We applied online Feb 24th

Documents sent March 19th and received on the 20th.
was Called by the Passport Office, EQA team on May 7th. They started the application on this date. almost 2 months later. 

The EQA team called me and told me they still need more documents. I told them I sent everything which was required on the list. They want Cenomars(philipine document) and a letter from me stating if I had or have not any other children and a complete scan of me and my passport, including the empty pages. I only sent the stamped pages and bio page. This was sent the next day and received by the them 2 days later.

It finally moved from the EQA team 2 months later (July) and now is with the security team. This team check every document which has been sent. I have been calling them every week but things have not moved.
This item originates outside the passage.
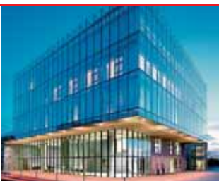
Wexford County Council HQ

„Show Your True Colours“ in Dublin vom Garden of Remembrance bis zur Baggot Street paradierte. *** Teleperformance rekrutiert 400 neue Mitarbeiter in Newry und Bangor in Co Down für seinen Kundenservice. *** 300 Euro Strafe und vier Jahre Führerscheinentzug verhängte das Gericht gegen Folk-Diva Dolores Keane , nachdem sie zum wiederholten Mal mit Alkohol am Steuer ertrappt worden war. *** In Tallaght wurde der Sinn Féin-Councillor Cathal King von seinen Kollegen im Grafenschaftsrat zum Bürgermeister von South Dublin County gewählt. *** Zum ersten Mal hielt Anfang Juli ein Generalsekretär des Orange Order eine Rede vor dem irischen Senat – Drew Nelson sprach sich dabei für mehr Kooperation zwischen Republikanern und Unionisten aus und forderte die irische Regierung auf, eine Orange Parade in Dublin zuzu-

They told me that it could take up to 6-9 months.

Once it moves from the security team and all the documents are ok, an interview will be required, and after that the passport will be sent with that week.


----------



## Joppa (Sep 7, 2009)

Well, it's a question of facts vs documentary evidence. Anyone can claim they are British, and if they actually are by birth or descent, then they are British but nobody takes them seriously until they can show official document confirming it, such as passport. What I am saying is some people are automatically British and others are not until they apply for it through registration (such as those born abroad prior to 1983 to a British mother).


----------



## Hertsfem (Jun 19, 2013)

will1927 said:


> hi,
> 
> We applied online Feb 24th
> 
> ...


I guess they have to make sure that the child IS in fact your child. Whereas in our case this has already been done
.
I was unaware that you could apply for childs first passport online (although that may vary from country to country)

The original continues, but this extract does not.